王座與軀殼完全一體化的瞬間,整座城市陷入死寂。血河停止流動,管道不再翻湧,無面者齊齊低頭,世界像被抽走了最後一口呼吸。
Ishmael——不,應該說「依實瑪利」——雙眼被灰白光淹沒。胸口的光核與王座的核心同拍,脊柱與高塔的骨脊緊密咬合。當他張開雙臂,整座城市隨之震顫。

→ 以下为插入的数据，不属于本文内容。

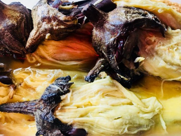 A megsült padlizsánokról a megégett külső héjat gondosan eltávolítjuk – Osama séf padlizsánkrém receptje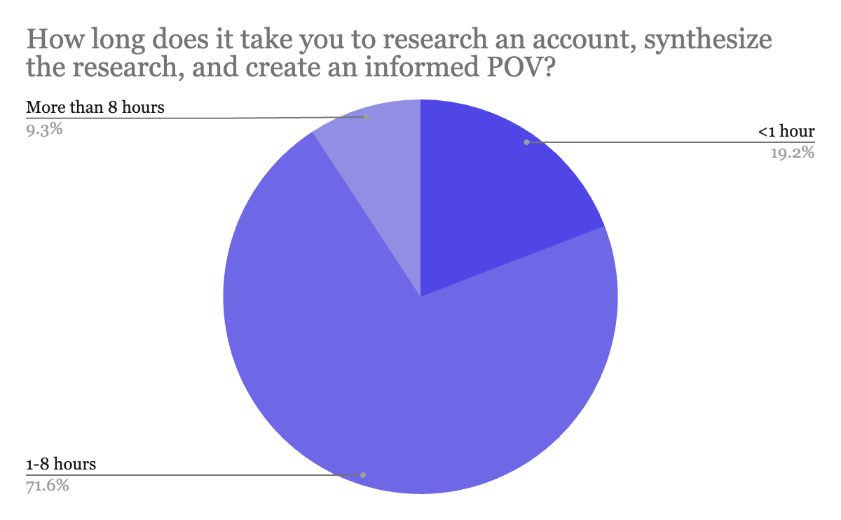 While nearly 20% can create an informed POV in an hour or less, more than 70% take up to 8 hours, while nearly 10% take more than 8 hours.

轟鳴由遠及近,像天鼓般震響。原本靜止的血河再次奔流,比過去更加洶湧。赤紅液體衝破透明管道,像動脈破裂,沿大地灑落,卻又在城牆與甬道間被重新吸收。整座血肉之城開始「呼吸」,牆壁起伏,樓閣蠕動,像是沉睡的神體終於甦醒。
高塔之外,無數裂縫從地底裂開,露出巨大的齒輪與骨骼結構。它們轉動、咬合、再轉動,將城市拼合成完整的巨型軀殼。原本分散的殿堂與甬道,此刻像內臟與肢體般組裝,拼湊出一尊龐然無比的神體。
依實瑪利感覺到力量湧回。那些曾分散在人間的碎片——化作瘋子、藝術家、先知、異端的靈魂——如今全都如潮水般湧入他的軀體。記憶在一瞬間完整:他看見自己誕生於混沌,看見曾以鮮血與骨骼塑造萬象,也看見墮落與沉眠的千年黑暗。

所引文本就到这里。